TBuxtehudes Omas gegen Rechts: Wer sie sind, was sie antreibt

Zehn von 30 Buxtehuder Omas gegen Rechts: Dorte, Marita, Josefa, Erika, Bettina W., Inge, Uschi, Heide, Angelika und Bettina S. (von links). Foto: Richter
Gerade in letzter Zeit machen sie Schlagzeilen, werden verbal und medial angegriffen. Den Ausraster von Friedrich Merz lassen sich die Omas nicht gefallen. Hier ist ihre Antwort.
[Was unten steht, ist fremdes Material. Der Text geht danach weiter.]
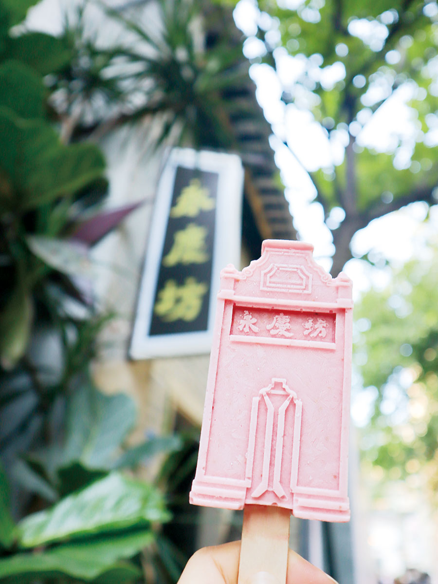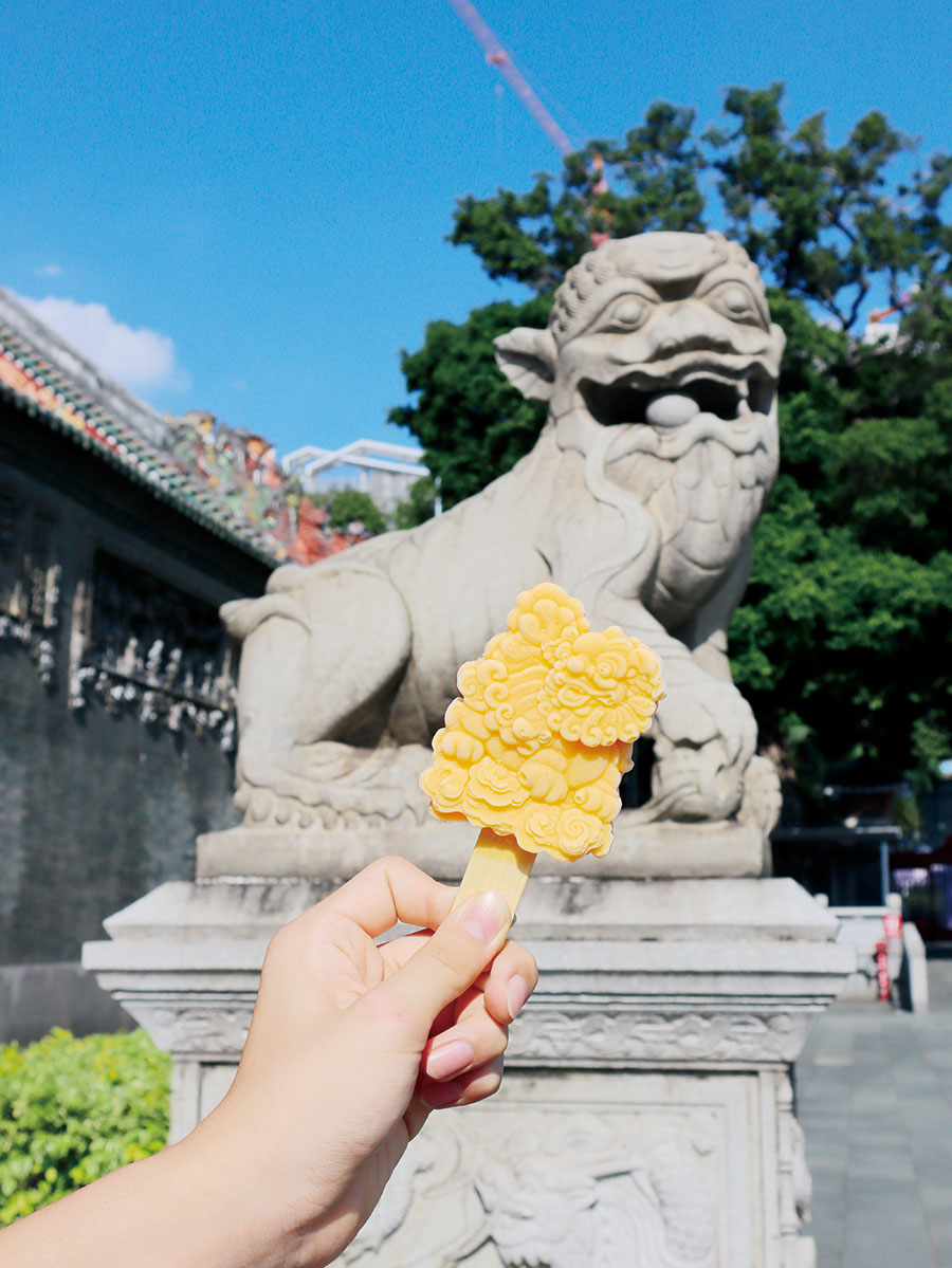 陈氏书院,俗称“陈家祠”,由大小十九座单体建筑组成,被誉为“岭南建筑艺术明珠”。陈家祠从上至下,从外到里,所有的堂、院、廊、厅、门、窗、栏杆、屋脊等,都大量地使用了石雕、木雕、砖雕、陶塑、泥塑、铁铸等方式加以装饰。游览于陈家祠,会发现这里的每块石头、砖瓦、木块,所雕刻出的飞禽、走兽、人物、瓜果,都栩栩如生,仿佛拥有着独特的生命力。陈家祠里的文创雪糕,是“独角狮”的造型,雪糕雕刻下的“独角狮”,也显得栩栩如生。“独角狮”是岭南建筑独有的建筑装饰物,它广泛装饰于山墙垂脊前沿上,全身朱红色,独角,状若凌空而下,气势雄伟。根据民间传说,“独角狮”造型的由来,是通过“以怪制怪”的方式创造,为老百姓辟邪保平安。

Buxtehude. Kukident-Kommando, Rollator-Geschwader, Gicht-Guerilla: Über solche Bezeichnungen können die Buxtehuder Omas gegen Rechts von Herzen lachen. Polit-Satire darf das, finden sie und posten eine Merz-Parodie, in der er mit diesen Worten auf sie schimpft, sogar auf ihrer eigenen Instagram-Seite. Die echten Angriffe, denen sie in letzter Zeit vor allem medial ausgesetzt sind, finden sie weniger lustig. Und gar nicht mehr lustig fanden die Buxtehuder Omas den Münchner Ausraster von Friedrich Merz beim Wahlkampfabschluss.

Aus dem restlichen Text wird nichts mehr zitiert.